A faithful copy is required. Print each line of the data exactly and omit the pictures.

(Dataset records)
========================================

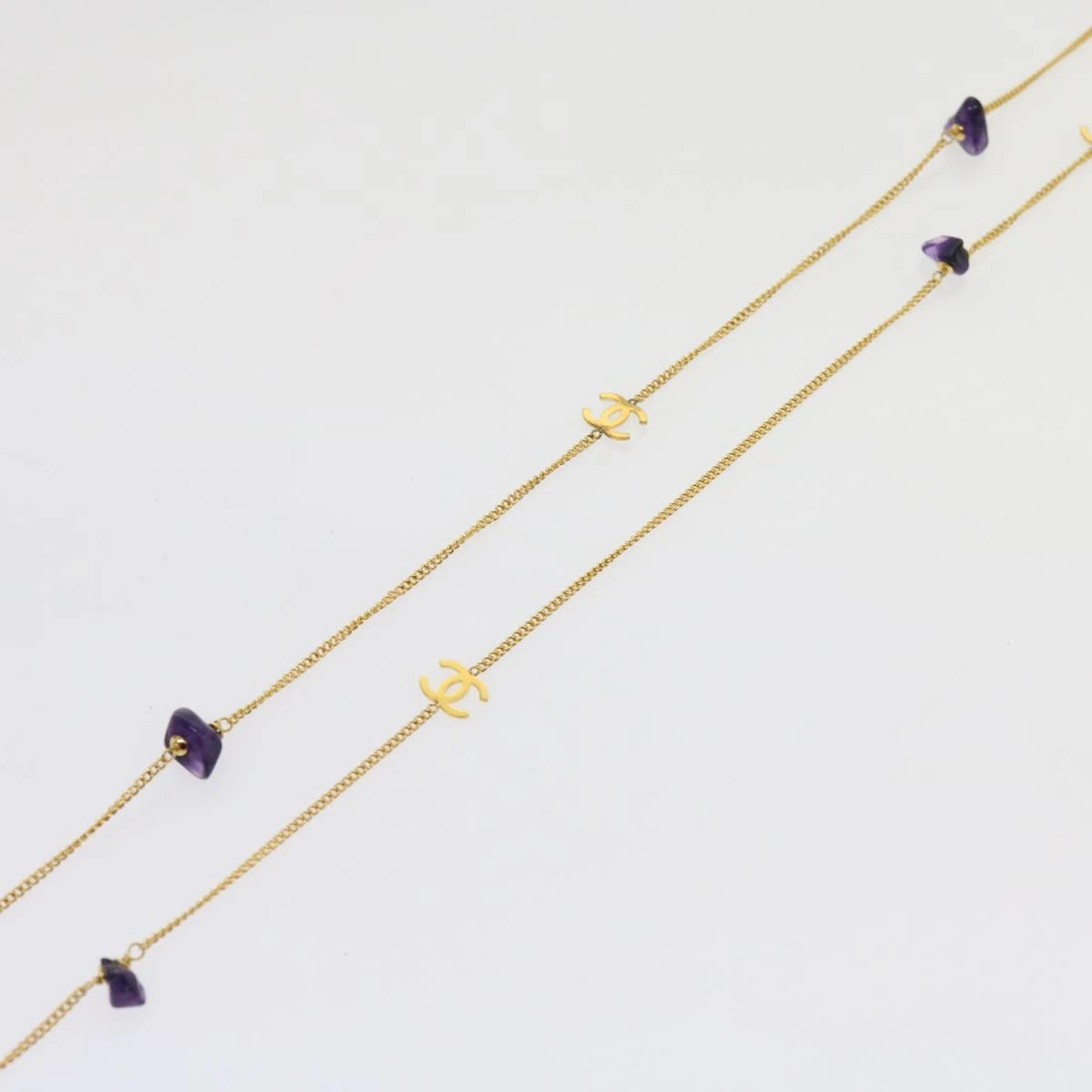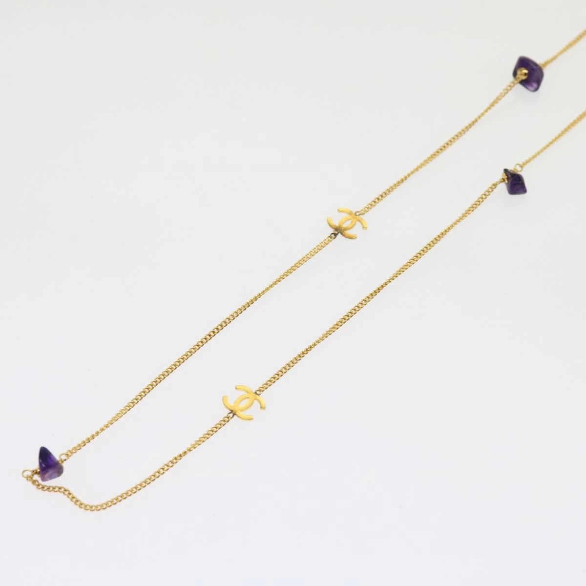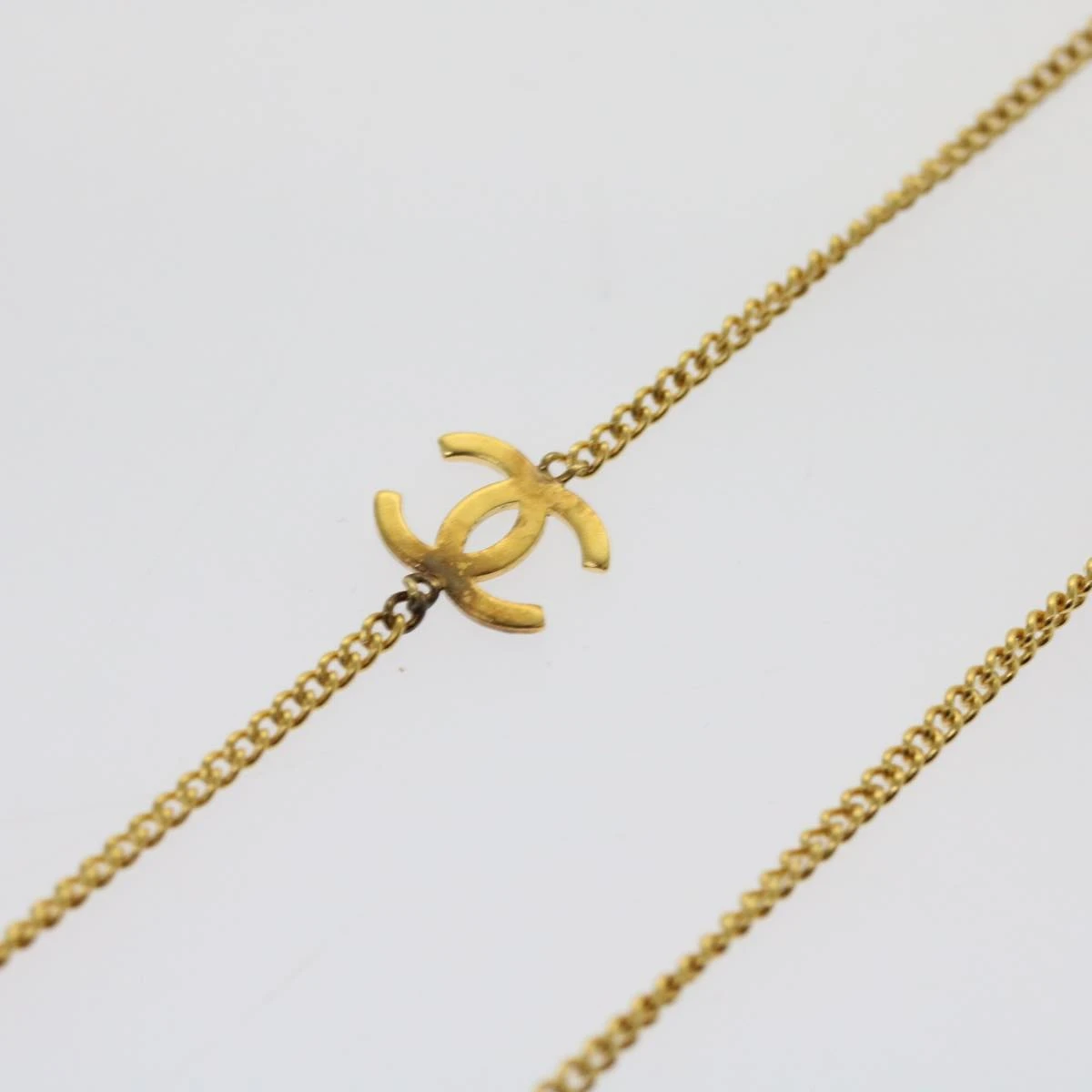 CHANEL COCO Mark Stone Necklace Gold CC Auth am5561
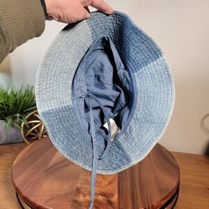 Patchwork Denim Bucket hat made of varying shades of blue denim. Soft hat with adjustable tie for fit inside. This adorable hat from 2014 gives very 90s Y2K Justin Timberlake, Brittney Spears vibes.
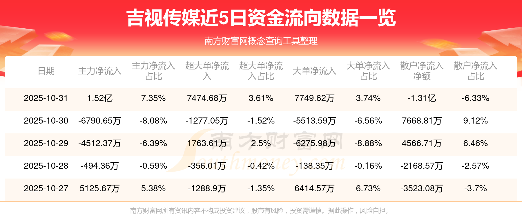 10月31日消息,吉视传媒10月31日主力资金净流入1.52亿元,超大单资金净流入7474.68万元,大单资金净流入7749.62万元,散户资金净流出1.31亿元。
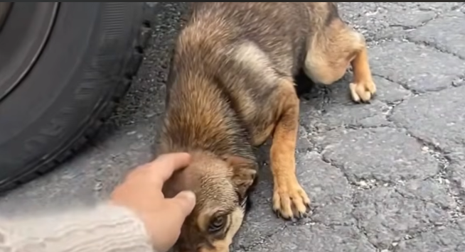 The dog let out a long, shaky breath, like he’d been holding it for years. His body collapsed onto the pavement, exhaustion finally overpowering fear. He rested his head against her leg, eyes half-closed.
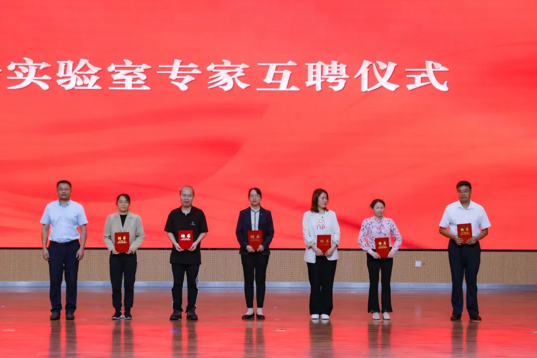 仪式上,青岛科技大学教授刘世杰和广饶县科学技术局局长刘培海为高分子材料与智能制造联合实验室揭牌。
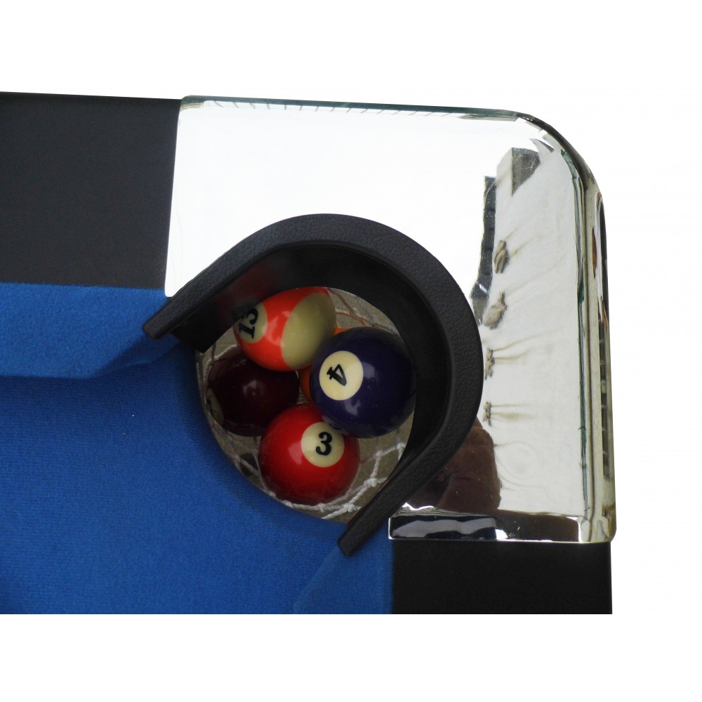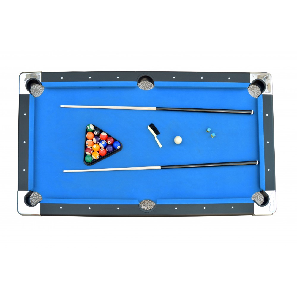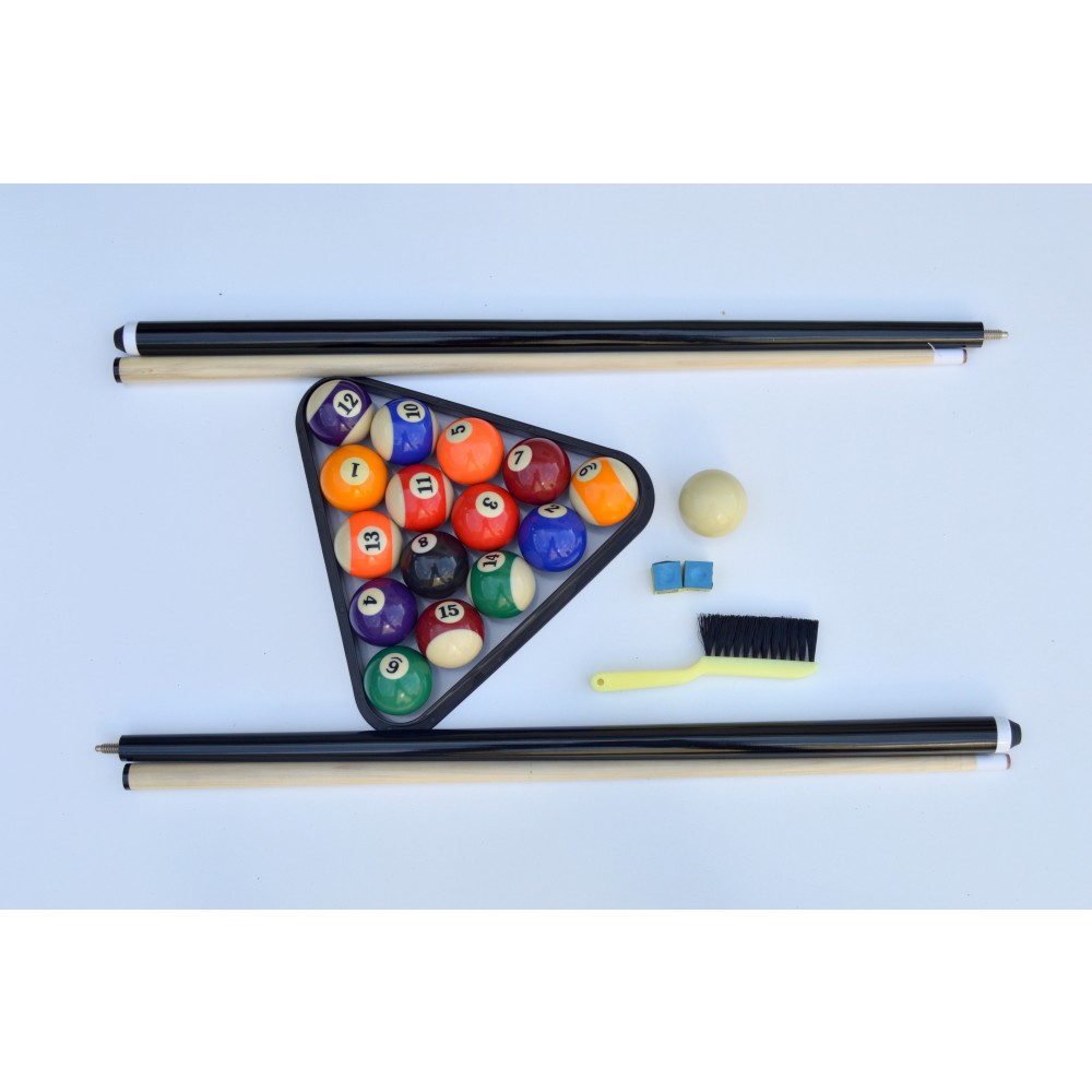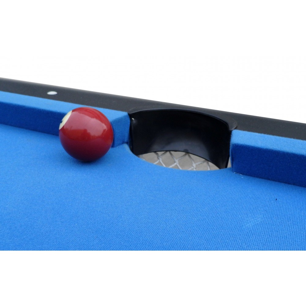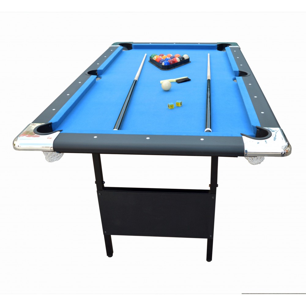 This unique 6 ft. Pool table was specifically designed for smaller spaces and portability, but don't let its size fool you, it's packed with many quality features found on much larger more expensive tables. Featuring 5 inch wide top rails wrapped in a durable black melamine, fast action cushions, a "True Roll" play surface covered in a high quality, hard wearing blended wool cloth. The table is fully supported by strong metal folding legs with levelers, super easy to set up and even easier to store. This table is certain to provide hours of fun and competitive play for both children and adults alike. Includes a convenient nylon rip resistant carry/storage bag and all pool table accessories needed to play a competitive game of pool. 180 Day Limited Warranty.
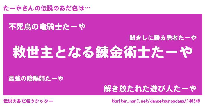| 女子向けラノベタイトル風あだ名 | 『死神たーやの再婚』『たーや様がみてる』 |

========================================

#### [WRITTEN RESPONSE]
 CHANEL COCO Mark Stone Necklace Gold CC Auth am5561
 Patchwork Denim Bucket hat made of varying shades of blue denim. Soft hat with adjustable tie for fit inside. This adorable hat from 2014 gives very 90s Y2K Justin Timberlake, Brittney Spears vibes.
 10月31日消息,吉视传媒10月31日主力资金净流入1.52亿元,超大单资金净流入7474.68万元,大单资金净流入7749.62万元,散户资金净流出1.31亿元。
 The dog let out a long, shaky breath, like he’d been holding it for years. His body collapsed onto the pavement, exhaustion finally overpowering fear. He rested his head against her leg, eyes half-closed.
 仪式上,青岛科技大学教授刘世杰和广饶县科学技术局局长刘培海为高分子材料与智能制造联合实验室揭牌。
 This unique 6 ft. Pool table was specifically designed for smaller spaces and portability, but don't let its size fool you, it's packed with many quality features found on much larger more expensive tables. Featuring 5 inch wide top rails wrapped in a durable black melamine, fast action cushions, a "True Roll" play surface covered in a high quality, hard wearing blended wool cloth. The table is fully supported by strong metal folding legs with levelers, super easy to set up and even easier to store. This table is certain to provide hours of fun and competitive play for both children and adults alike. Includes a convenient nylon rip resistant carry/storage bag and all pool table accessories needed to play a competitive game of pool. 180 Day Limited Warranty.
| 女子向けラノベタイトル風あだ名 | 『死神たーやの再婚』『たーや様がみてる』 |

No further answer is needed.